What is required: Your copy of the data below must be exact and must leave out all pictures.

Data:
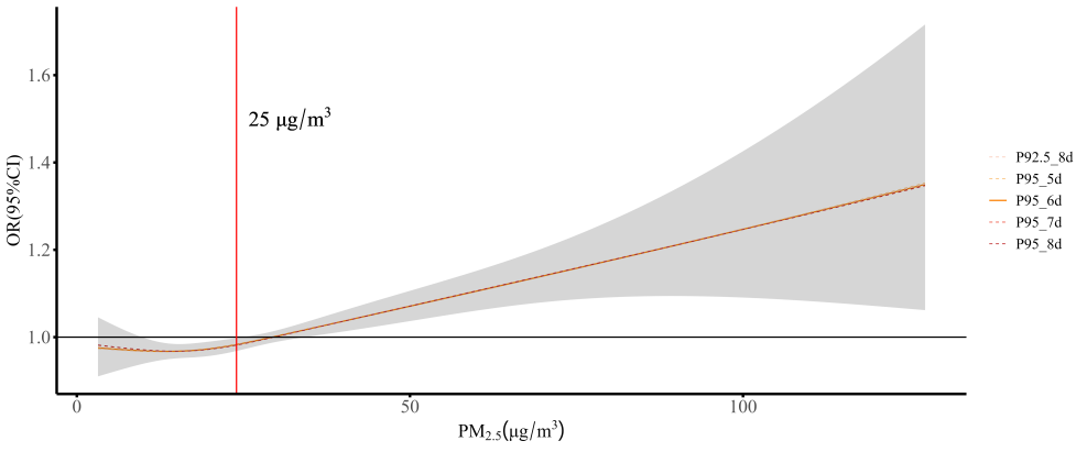 暴露于较高温度阈值与较长持续时间的热浪(P92.5_8d、P95_5d、P95_6d、P95_7d和P95_8d)可增加心血管疾病的死亡风险,ORs(95% CI)的范围约为1.17(95%CI: 1.001, 1.36)到1.91(95% CI: 1.42, 2.56) 之间(图1)。在校正了热浪的影响后,PM2.5与心血管疾病死亡的暴露-反应关系曲线大致呈线性趋势,随PM2.5浓度增加,CVD死亡风险也不断增加(图2)。
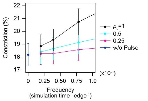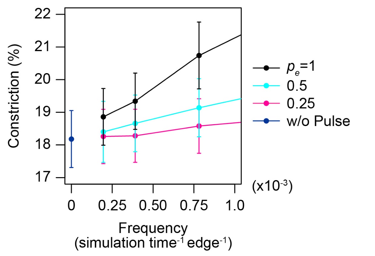 Figure S6. Relationship between pulse number and constriction rate in sparse condition. A magnified plot of mean constriction at the end of the simulations in Fig. 7D. The proportion of cell edges undergoing contraction per cell was set at probability (pe) 1 (black), 0.5 (cyan), and 0.25 (red). Condition without pulse is also shown (blue). Error bars depict s.d; n = 5 different initial conditions. Details of the models and the simulation processes are described in Supplementary Materials and Methods. |
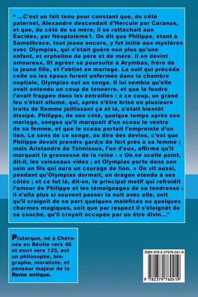 " ...C’est un fait tenu pour constant que, du côté paternel, Alexandre descendait d’Hercule par Caranus, et que, du côté de sa mère, il se rattachait aux Éacides, par Néoptolème1. On dit que Philippe, étant à Samothrace, tout jeune encore, y fut initié aux mystères avec Olympias, qui n’était guère non plus qu’une enfant, et orpheline de père et de mère. Il en devint amoureux, fit agréer sa poursuite à Arymbas, frère de la jeune fille, et l’obtint en mariage. La nuit qui précéda celle où les époux furent enfermés dans la chambre nuptiale, Olympias eut un songe. Il lui sembla qu’elle avait entendu un coup de tonnerre, et que la foudre l’avait frappée dans les entrailles : à ce coup, un grand feu s’était allumé, qui, après s’être brisé en plusieurs traits de flamme jaillissant çà et là, s’était bientôt dissipé. Philippe, de son côté, quelque temps après son mariage, songea qu’il marquait d’un sceau le ventre de sa femme, et que le sceau portait l’empreinte d’un lion. Le sens de ce songe, au dire des devins, c’est que Philippe devait prendre gard;e de fort près à sa femme ; mais Aristandre de Telmissus, l’un d’eux, affirma qu’il marquait la grossesse de la reine : « On ne scelle point, dit-il, les vaisseaux vides ; et Olympias porte dans son sein un fils qui aura un courage de lion. » On vit aussi, pendant qu’Olympias dormait, un dragon étendu à ses côtés ; et ce fut là, dit-on, le principal motif qui refroidit l’amour de Philippe et les témoignages de sa tendresse : il n’alla plus si souvent passer la nuit avec elle, soit qu’il craignît de sa part quelques maléfices ou quelques charmes magiques, soit que par respect il s’éloignât de sa couche, qu’il croyait occupée par un être divin..."
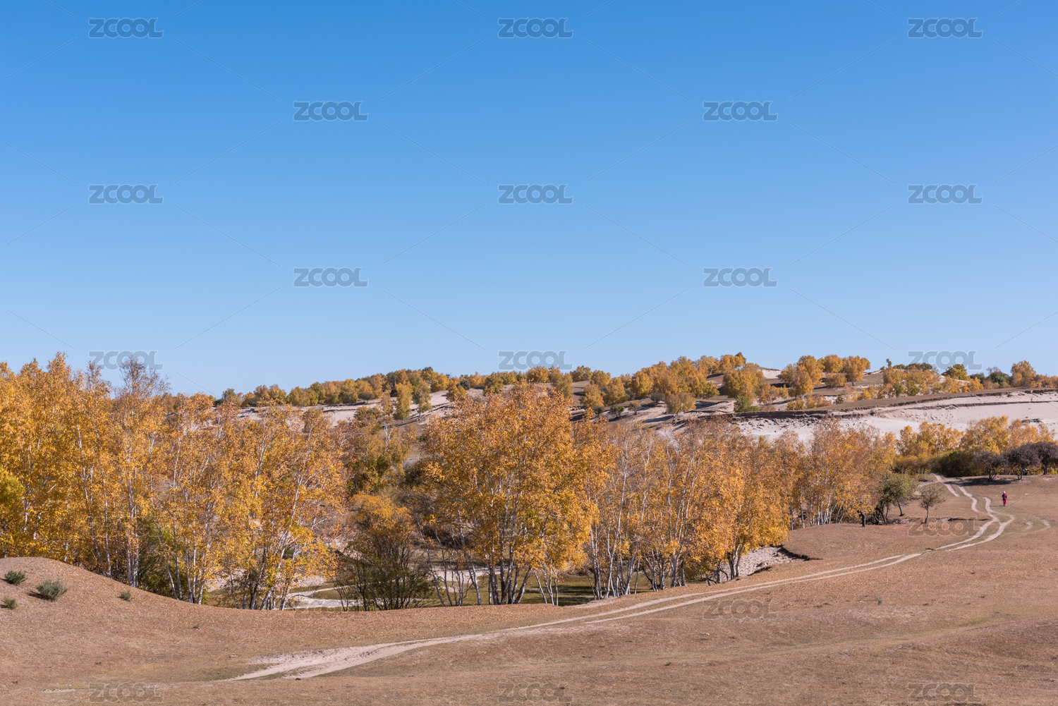 秋天内蒙古乌兰布统坝上草原的沙地和白桦林

Reply:
 暴露于较高温度阈值与较长持续时间的热浪(P92.5_8d、P95_5d、P95_6d、P95_7d和P95_8d)可增加心血管疾病的死亡风险,ORs(95% CI)的范围约为1.17(95%CI: 1.001, 1.36)到1.91(95% CI: 1.42, 2.56) 之间(图1)。在校正了热浪的影响后,PM2.5与心血管疾病死亡的暴露-反应关系曲线大致呈线性趋势,随PM2.5浓度增加,CVD死亡风险也不断增加(图2)。
 Figure S6. Relationship between pulse number and constriction rate in sparse condition. A magnified plot of mean constriction at the end of the simulations in Fig. 7D. The proportion of cell edges undergoing contraction per cell was set at probability (pe) 1 (black), 0.5 (cyan), and 0.25 (red). Condition without pulse is also shown (blue). Error bars depict s.d; n = 5 different initial conditions. Details of the models and the simulation processes are described in Supplementary Materials and Methods. |
 " ...C’est un fait tenu pour constant que, du côté paternel, Alexandre descendait d’Hercule par Caranus, et que, du côté de sa mère, il se rattachait aux Éacides, par Néoptolème1. On dit que Philippe, étant à Samothrace, tout jeune encore, y fut initié aux mystères avec Olympias, qui n’était guère non plus qu’une enfant, et orpheline de père et de mère. Il en devint amoureux, fit agréer sa poursuite à Arymbas, frère de la jeune fille, et l’obtint en mariage. La nuit qui précéda celle où les époux furent enfermés dans la chambre nuptiale, Olympias eut un songe. Il lui sembla qu’elle avait entendu un coup de tonnerre, et que la foudre l’avait frappée dans les entrailles : à ce coup, un grand feu s’était allumé, qui, après s’être brisé en plusieurs traits de flamme jaillissant çà et là, s’était bientôt dissipé. Philippe, de son côté, quelque temps après son mariage, songea qu’il marquait d’un sceau le ventre de sa femme, et que le sceau portait l’empreinte d’un lion. Le sens de ce songe, au dire des devins, c’est que Philippe devait prendre gard;e de fort près à sa femme ; mais Aristandre de Telmissus, l’un d’eux, affirma qu’il marquait la grossesse de la reine : « On ne scelle point, dit-il, les vaisseaux vides ; et Olympias porte dans son sein un fils qui aura un courage de lion. » On vit aussi, pendant qu’Olympias dormait, un dragon étendu à ses côtés ; et ce fut là, dit-on, le principal motif qui refroidit l’amour de Philippe et les témoignages de sa tendresse : il n’alla plus si souvent passer la nuit avec elle, soit qu’il craignît de sa part quelques maléfices ou quelques charmes magiques, soit que par respect il s’éloignât de sa couche, qu’il croyait occupée par un être divin..."
 秋天内蒙古乌兰布统坝上草原的沙地和白桦林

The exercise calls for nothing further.